I am using brook 0.5 beta1, ogl backend on Red Hat Entreprise Linux wth NVIDIA drivers and libraries v. 169.09.
What’s going on?! How do I get it to stop? Any help would be greatly appreciated.
glTexSubImage2D(GL_TEXTURE_RECTANGLE_ARB, 0, x, y, w, h, elemsize==1?GL_RED:(elemsize==3?GL_RGB:GL_RGBA), GL_FLOAT, 0);
It does work correctly on NVIDIA GeForce 7900, so the problem I am seeing appears more Tesla-specific than brook-specific.
Well, there is no “General-purpose computing using the Tesla card on Linux” forum, so “CUDA on Linux” seemed like the closest I could get. Sorrry if this was a bad idea.
No problem. I didn’t mean to sound so snappy.

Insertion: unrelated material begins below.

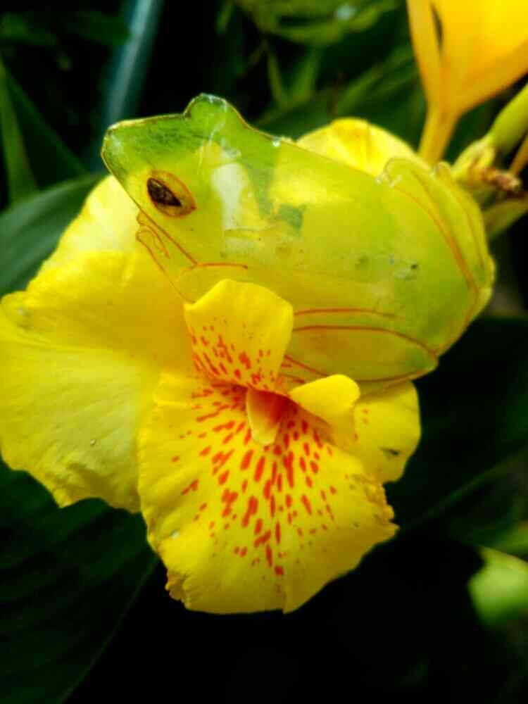 でも、黄色いカエルなんて聞いたことないし、擬態するなんて話も聞いたことない(私が知らないだけということもある)から、はて?と思った。

Most users on this forum are CUDA-only users who have never touched brook or similar tools before, so you aren’t likely to get a lot of responses here.
Converting brook code to CUDA would be pretty easy, and I’m sure you can get a lot of help with that here ;)
If you can reproduce your problem with a simple OpenGL code, then the OpenGL forums might be a better place to get help, even if it is on a Tesla card. You may have exposed some kind of driver bug related to the Tesla OpenGL drivers. An NVIDIA rep is sure to respond if you can post a short test OpenGL test code.